Я проживаю в Швейцарии по семейным причинам. Для ваших читателей они не представляют никакого интереса. Мне очень нравится Швейцария, но каждую весну я ощущаю щемящую тоску по Америке, моей любимой родине. В течение последних десяти лет я бывал там лишь дважды. Путешествие на корабле слишком продолжительно, а летать я ненавижу. Тем не менее на будущий год я планирую побаловать себя доброй порцией калифорнийского солнца.

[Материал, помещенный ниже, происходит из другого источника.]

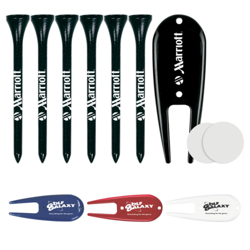 Golf Tournament Kit: 6 Tall Golf Tees, Divot Tool, Ball Marker
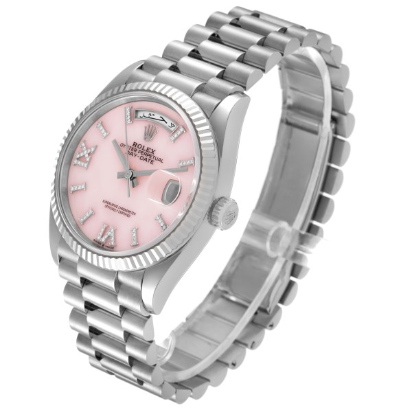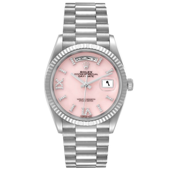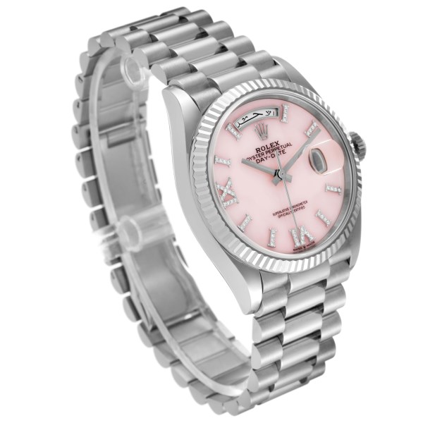 | Model Name: | Rolex President Day-Date White Gold Pink Opal Diamond Dial Watch 128239 Box Card |

В промежутке между двух войн наибольшую часть моей читательской аудитории составляли эмигрировавшие русские интеллигенты. Помимо авторских гонораров за публикации, к 1935 году приносивших мне доход, достаточный для жизни (учитывая большое количество газет и журналов в Берлине, Париже, Праге и т. д.), я также получал деньги за чтение своих стихов и прозы на публичных вечерах перед русской аудиторией. В тридцатые годы я был в коротких отношениях с некоторыми французскими писателями: с Супервьелем, Поланом, с литераторами из редакций «Нувель ревю франсез» и «Мезюр».